→ EXCERPTED DATA
════════

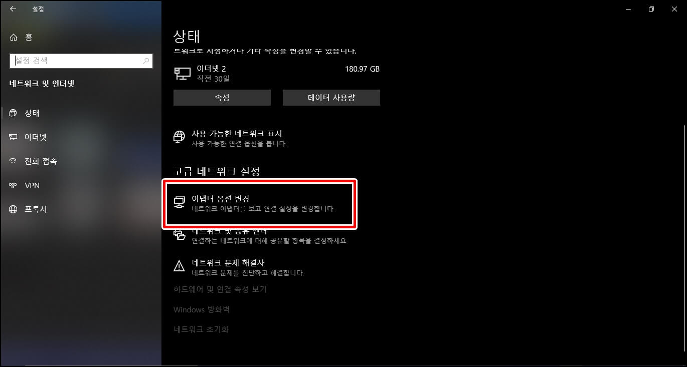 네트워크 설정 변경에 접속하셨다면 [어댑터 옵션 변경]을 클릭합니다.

════════

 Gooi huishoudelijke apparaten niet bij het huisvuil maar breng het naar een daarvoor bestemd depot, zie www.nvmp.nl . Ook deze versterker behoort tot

════════

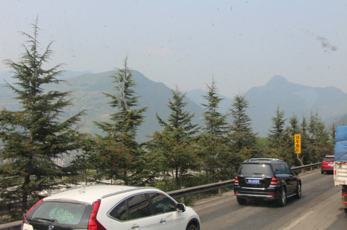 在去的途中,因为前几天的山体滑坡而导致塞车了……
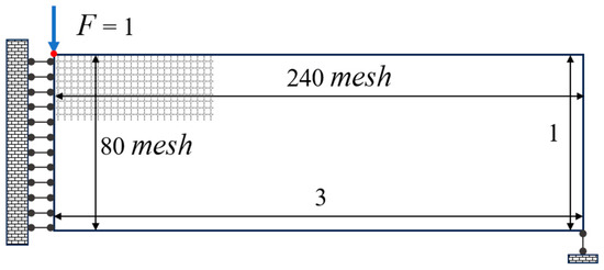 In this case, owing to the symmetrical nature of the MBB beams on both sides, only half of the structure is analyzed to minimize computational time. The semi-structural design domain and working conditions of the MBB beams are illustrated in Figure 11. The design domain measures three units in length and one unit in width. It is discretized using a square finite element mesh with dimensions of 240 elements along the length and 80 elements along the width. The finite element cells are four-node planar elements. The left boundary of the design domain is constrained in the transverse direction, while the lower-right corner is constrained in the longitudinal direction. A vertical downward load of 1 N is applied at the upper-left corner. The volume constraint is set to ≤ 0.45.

════════

→ PROBLEM DESCRIPTION
Please set down, exactly and with no pictures, the lines in the entries above starting at the one holding "在去的途中,因为前几天的山体滑坡而导致塞车了……" and ending at the one holding "In this case, owing", ends included.

→ RESPONSE TO THIS EXERCISE
 在去的途中,因为前几天的山体滑坡而导致塞车了……
 In this case, owing to the symmetrical nature of the MBB beams on both sides, only half of the structure is analyzed to minimize computational time. The semi-structural design domain and working conditions of the MBB beams are illustrated in Figure 11. The design domain measures three units in length and one unit in width. It is discretized using a square finite element mesh with dimensions of 240 elements along the length and 80 elements along the width. The finite element cells are four-node planar elements. The left boundary of the design domain is constrained in the transverse direction, while the lower-right corner is constrained in the longitudinal direction. A vertical downward load of 1 N is applied at the upper-left corner. The volume constraint is set to ≤ 0.45.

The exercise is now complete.